As for the treatment he received, it would have depended on exactly why he was sent to the camp. There was a distinct hierarchy within the German concentration camp system, based on the prisoners' nationality, race, and reason for imprisonment, with Germans, particularly those arrested for non-political crimes, at the top and Jews obviously at the bottom. Roma (Gypsies) and Soviet POWs were also treated poorly; fewer than 3,000 of the 23,000 Roma brought to Auschwitz survived, and almost all of the 15,000 Soviet POWs brought to Auschwitz had died by spring 1942, with fewer than 100 surviving until liberation.
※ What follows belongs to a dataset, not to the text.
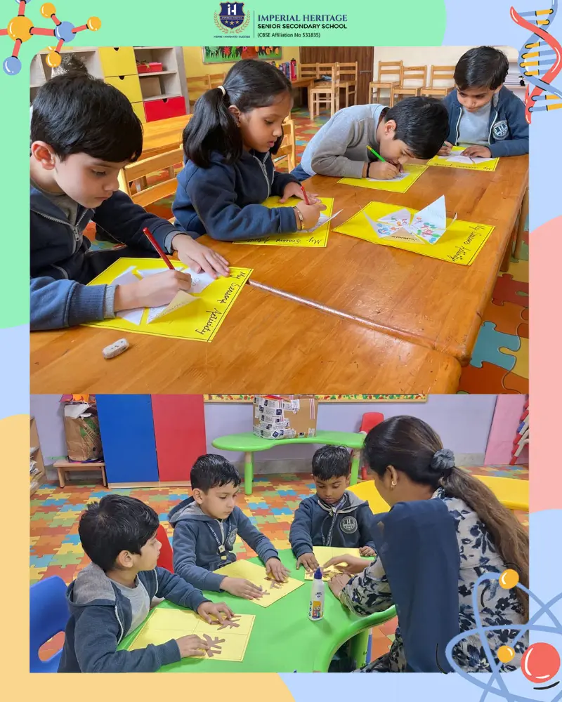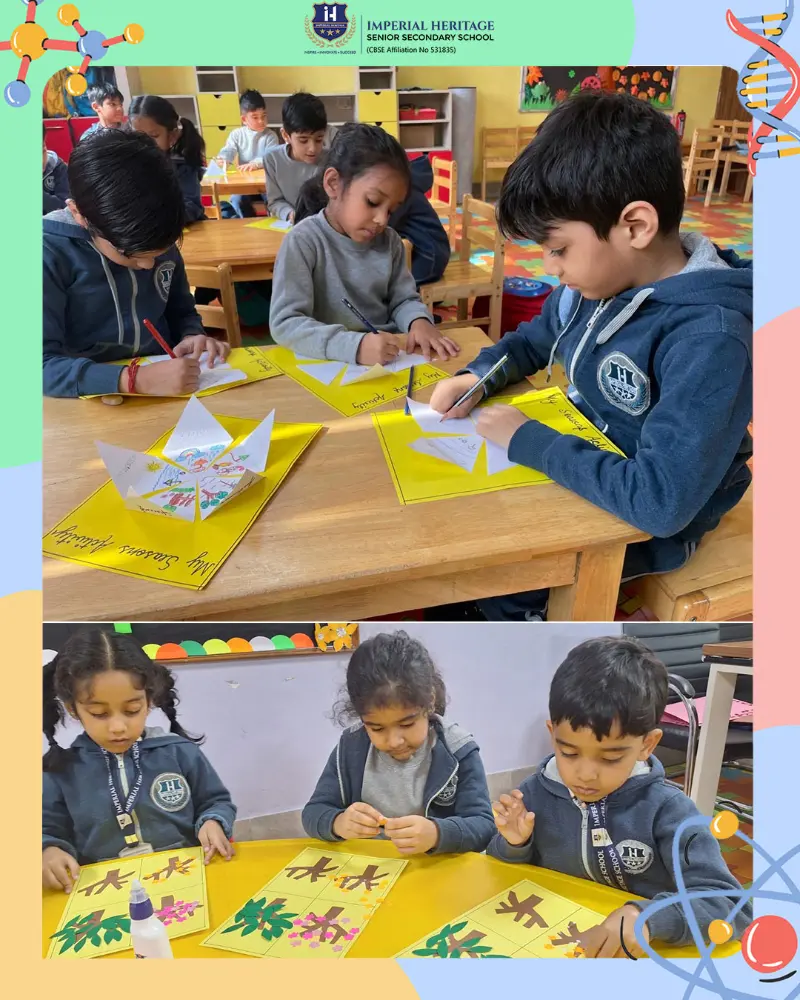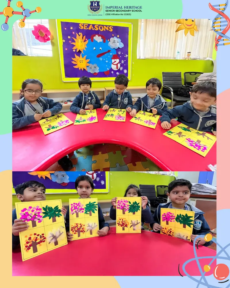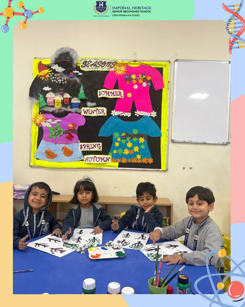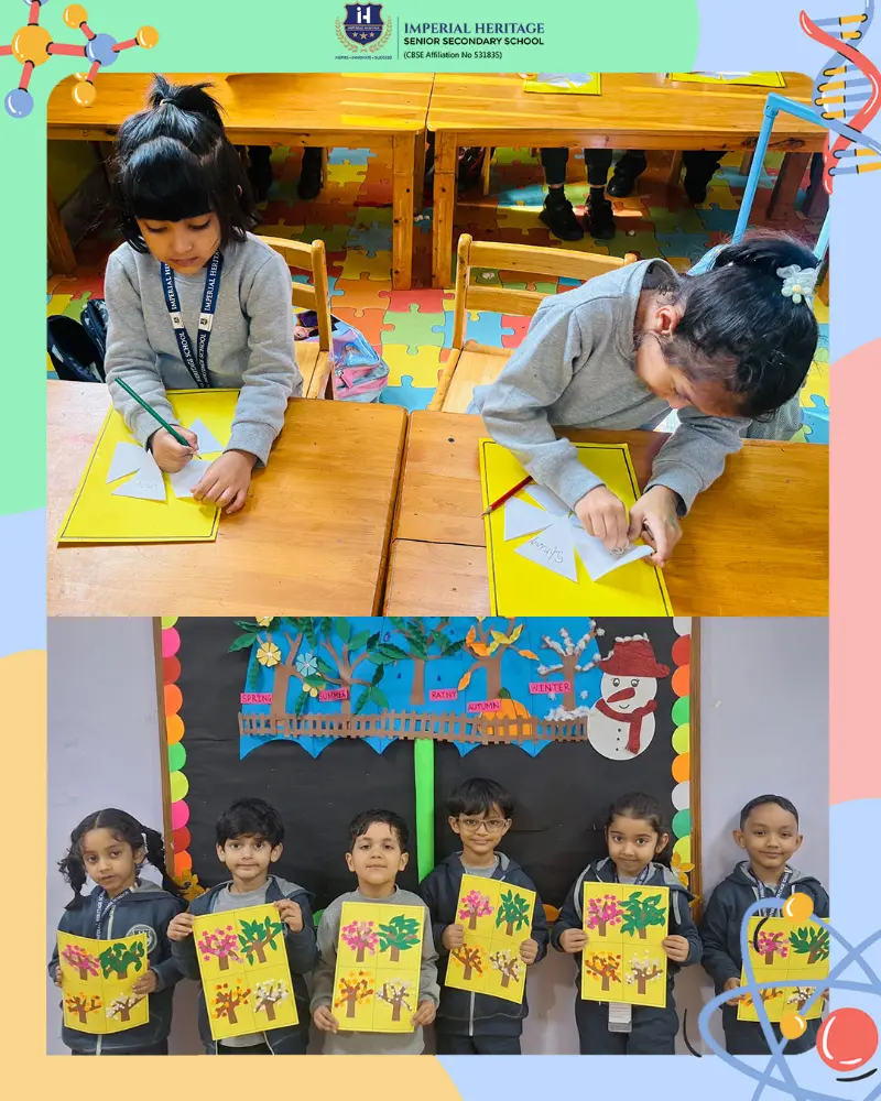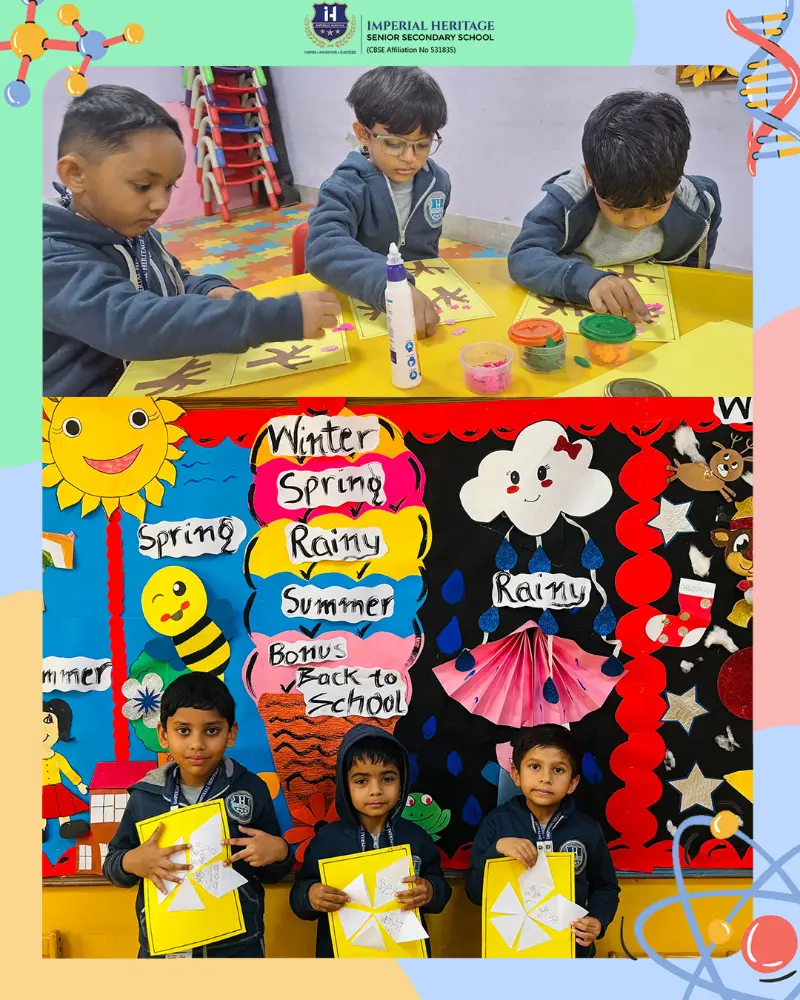 Our Pre-Primary children at IHS enjoyed a month-long, theme-based Season Craft activity as they explored and learned about the different seasons in a creative and hands-on way. The Nursery children painted the four seasons using colourful thumb impressions, beautifully capturing the essence of seasonal changes. The LKG children created vibrant crafts by pasting colourful cutouts, participating with great enthusiasm. The UKG class designed an impressive Season Wheel depicting five seasons, carefully drawing and colouring each section with creativity and pride. This theme-based craft activity not only strengthened their understanding of seasons but also brought out the imagination, excitement, and artistic expression of all our young learners at IHS.

So-called "asocial" groups like Jehovah's Witnesses and gay men were also low on the hierarchy and were severely mistreated, sometimes even by other prisoners.

Non-Jewish forced laborers fit somewhere in the middle of this hierarchy. They would have received somewhat better treatment than the Jewish prisoners and other groups further down on the hierarchy, but were still forced to live under a harsh regime, working twelve hours a day, six days a week, in factories and farms; living in poorly-constructed, unsanitary barracks; and receiving insufficient food (usually no more than watery soup and a small amount of bread) and medical care that led to widespread malnutrition and disease. It's hard to be more precise without knowing exactly where your grandfather was and why, but the conditions in the forced labor camps within the Auschwitz system were always bad, and got even worse toward the end of the war as the strain on Nazi Germany's resources increased. Even though the non-Jewish laborers weren't the target of a program of industrialized mass-murder, they were still treated very badly, and more than 10,000 of them died in Auschwitz and its various subcamps.

Sources:

Wacław Długoborski and Franciszek Piper, eds., Auschwitz, 1940-1945: Central Issues in the History of the Camp (Auschwitz-Birkenau State Museum, 2000), 5 vols.

Debórah Dwork and Robert Jan Van Pelt, Auschwitz (W. W. Norton, 2002)

In addition, the USHMM Holocaust Encyclopedia has an article on prisoner tattoos that might be of interest to you.